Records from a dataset
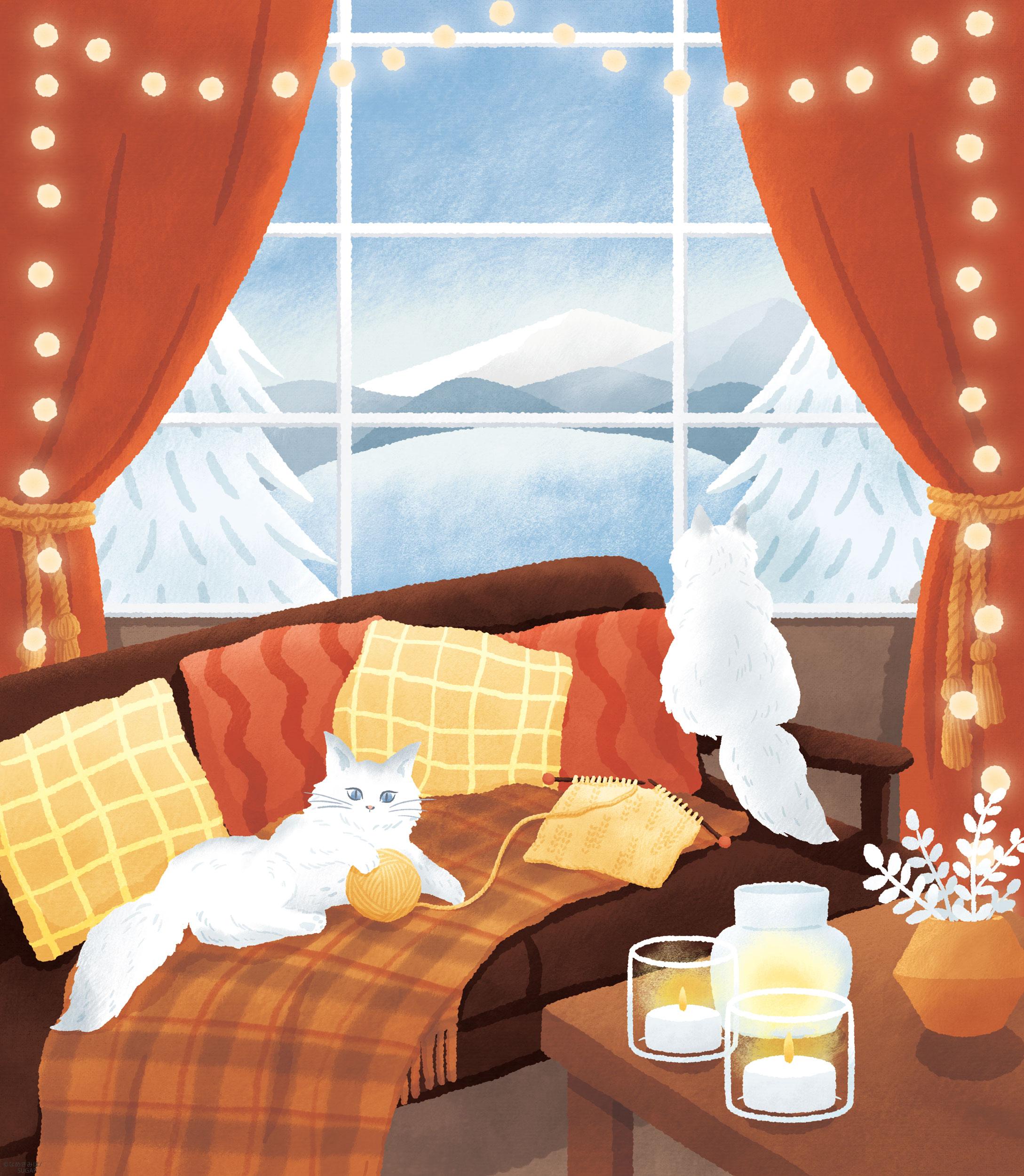 季報「住宅金融」2025年冬号 表紙イラスト 住宅金融支援機構が発行する広報誌「住宅金融」の表紙イラストを2023年より担当しています。 季節ごとのインテリア×動物のイラストを描いています。 2025年冬号は、雪景色を臨む暖かいお部屋。 毛糸玉と戯れたり、窓の向こうを眺める猫を描きました。 この号で、3年間の表紙担当が終了しました。 毎号悩みながらも、楽しく制作させていただきありがとうございました。
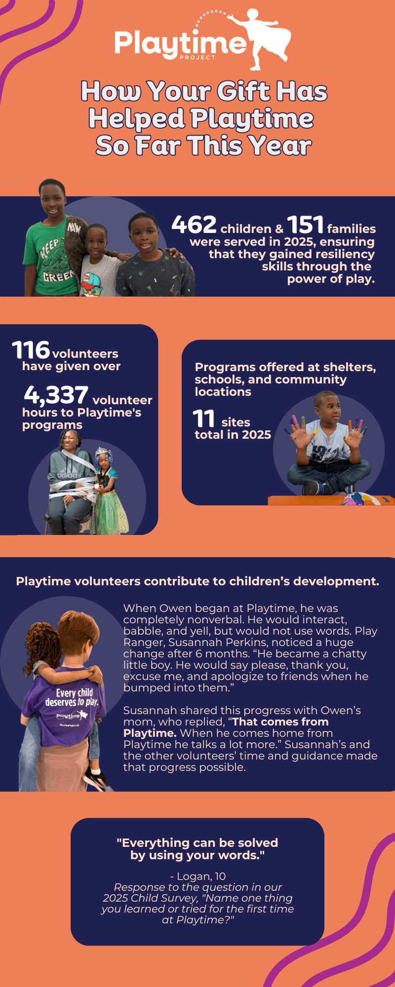 Thanks to the support of generous staff, volunteers, and donors, Playtime made a huge impact in 2024.
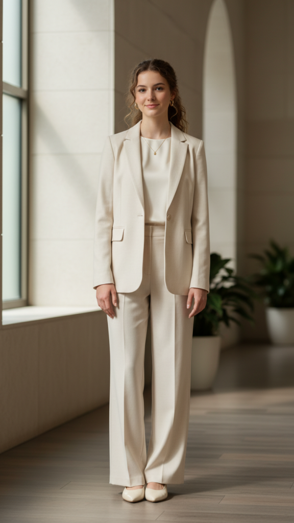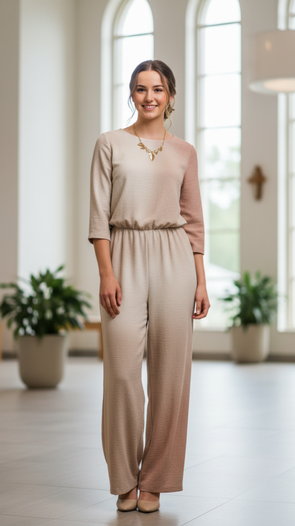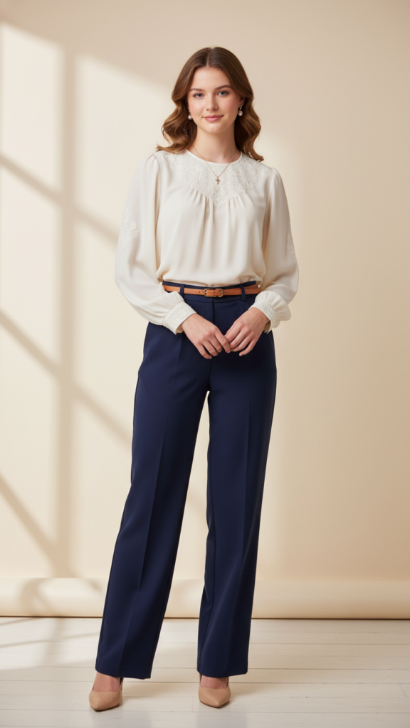 For teens who prefer separates over dresses, a flowy blouse paired with high-waisted trousers creates a sophisticated yet age-appropriate church ensemble that’s both comfortable and stylish. Choose a cream or pastel blouse with subtle details like pintucks or delicate embroidery.
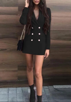 Vestito Donna Blazer Scollo V Bottoni Manica Lunga Casual Elegante Feste Eventi Party
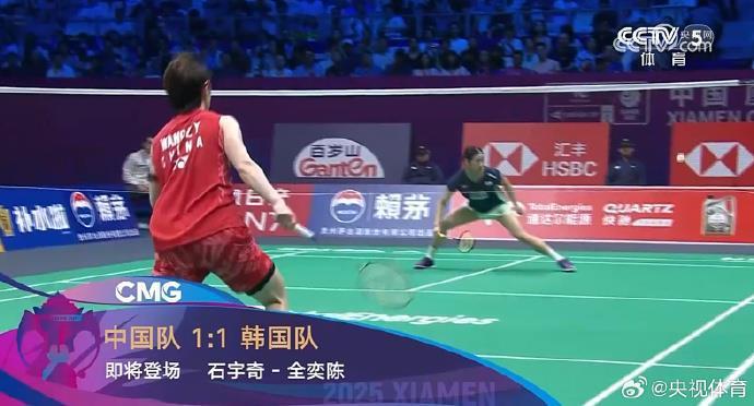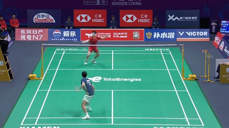 第三场男单比赛中,石宇奇只让对手得了 10 分,2-0 轻取全奕陈,中国队 2-1 领先韩国队。
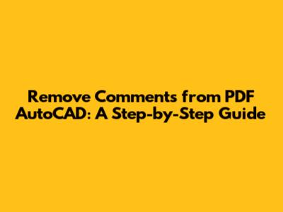 Remove Comments From PDF AutoCAD: A Step-by-Step Guide

■ **WHAT YOU ARE ASKED TO DO**: An exact retyping of each record, with no pictures, is the answer required.

■ **ANSWER BOX**:
 季報「住宅金融」2025年冬号 表紙イラスト 住宅金融支援機構が発行する広報誌「住宅金融」の表紙イラストを2023年より担当しています。 季節ごとのインテリア×動物のイラストを描いています。 2025年冬号は、雪景色を臨む暖かいお部屋。 毛糸玉と戯れたり、窓の向こうを眺める猫を描きました。 この号で、3年間の表紙担当が終了しました。 毎号悩みながらも、楽しく制作させていただきありがとうございました。
 Thanks to the support of generous staff, volunteers, and donors, Playtime made a huge impact in 2024.
 For teens who prefer separates over dresses, a flowy blouse paired with high-waisted trousers creates a sophisticated yet age-appropriate church ensemble that’s both comfortable and stylish. Choose a cream or pastel blouse with subtle details like pintucks or delicate embroidery.
 Vestito Donna Blazer Scollo V Bottoni Manica Lunga Casual Elegante Feste Eventi Party
 第三场男单比赛中,石宇奇只让对手得了 10 分,2-0 轻取全奕陈,中国队 2-1 领先韩国队。
 Remove Comments From PDF AutoCAD: A Step-by-Step Guide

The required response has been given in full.